→ What to produce:
Output only the lines below from the one containing "People, wearing masks" to the one containing "Vacker sekelskifteslägenhet anno", exactly as written, both ends kept.

→ Available data:
__________

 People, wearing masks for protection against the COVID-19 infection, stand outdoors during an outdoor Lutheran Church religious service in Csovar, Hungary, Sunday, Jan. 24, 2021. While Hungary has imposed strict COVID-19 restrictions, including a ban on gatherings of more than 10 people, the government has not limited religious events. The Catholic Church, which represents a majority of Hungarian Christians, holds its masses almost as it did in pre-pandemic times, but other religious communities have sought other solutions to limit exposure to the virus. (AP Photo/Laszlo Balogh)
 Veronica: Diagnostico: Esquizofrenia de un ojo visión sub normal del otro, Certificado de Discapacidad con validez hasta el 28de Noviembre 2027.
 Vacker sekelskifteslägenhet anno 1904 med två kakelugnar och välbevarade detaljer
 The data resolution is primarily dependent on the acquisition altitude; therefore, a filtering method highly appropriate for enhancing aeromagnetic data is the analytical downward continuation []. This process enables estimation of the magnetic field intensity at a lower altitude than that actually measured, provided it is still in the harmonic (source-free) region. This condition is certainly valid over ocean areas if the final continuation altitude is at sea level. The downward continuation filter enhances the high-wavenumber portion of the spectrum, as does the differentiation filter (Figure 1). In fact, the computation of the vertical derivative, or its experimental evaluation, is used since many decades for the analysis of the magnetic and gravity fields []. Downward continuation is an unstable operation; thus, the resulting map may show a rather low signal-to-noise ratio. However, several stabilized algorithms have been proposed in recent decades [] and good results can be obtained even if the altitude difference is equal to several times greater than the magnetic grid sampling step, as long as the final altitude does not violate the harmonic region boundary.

__________

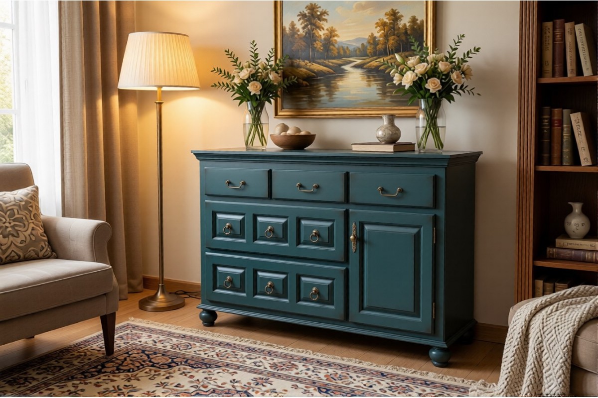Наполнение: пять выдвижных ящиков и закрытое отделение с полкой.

__________

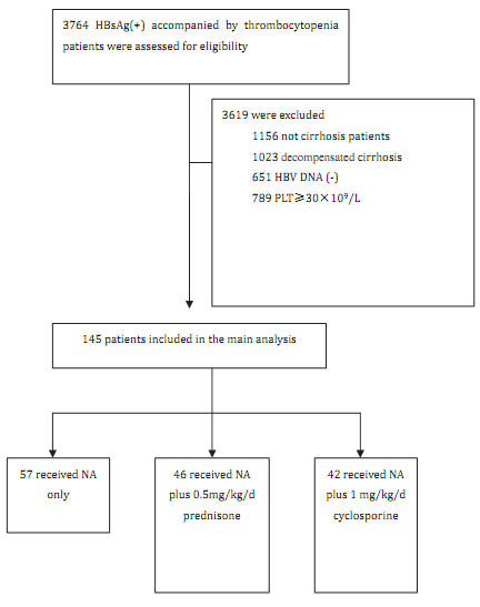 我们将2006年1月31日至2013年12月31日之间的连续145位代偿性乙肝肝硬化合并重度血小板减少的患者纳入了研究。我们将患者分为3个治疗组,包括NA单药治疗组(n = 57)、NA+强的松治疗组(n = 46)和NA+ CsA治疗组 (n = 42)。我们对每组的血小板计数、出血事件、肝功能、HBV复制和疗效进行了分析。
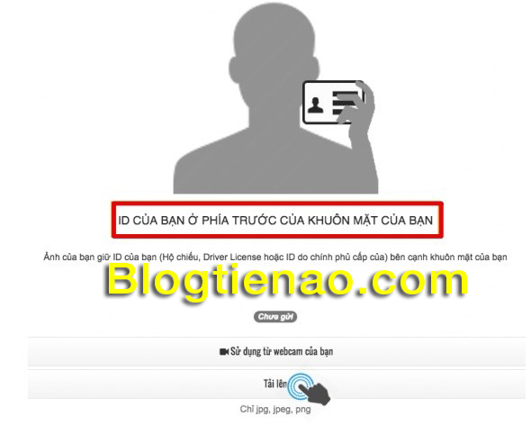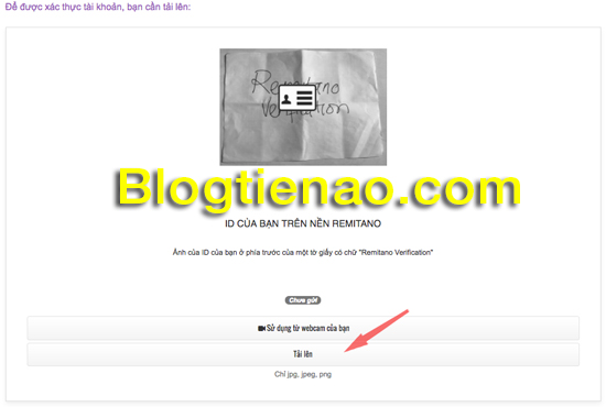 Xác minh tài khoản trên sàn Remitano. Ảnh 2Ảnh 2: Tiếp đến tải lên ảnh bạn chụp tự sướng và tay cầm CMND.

__________

→ Completed exercise:
 People, wearing masks for protection against the COVID-19 infection, stand outdoors during an outdoor Lutheran Church religious service in Csovar, Hungary, Sunday, Jan. 24, 2021. While Hungary has imposed strict COVID-19 restrictions, including a ban on gatherings of more than 10 people, the government has not limited religious events. The Catholic Church, which represents a majority of Hungarian Christians, holds its masses almost as it did in pre-pandemic times, but other religious communities have sought other solutions to limit exposure to the virus. (AP Photo/Laszlo Balogh)
 Veronica: Diagnostico: Esquizofrenia de un ojo visión sub normal del otro, Certificado de Discapacidad con validez hasta el 28de Noviembre 2027.
 Vacker sekelskifteslägenhet anno 1904 med två kakelugnar och välbevarade detaljer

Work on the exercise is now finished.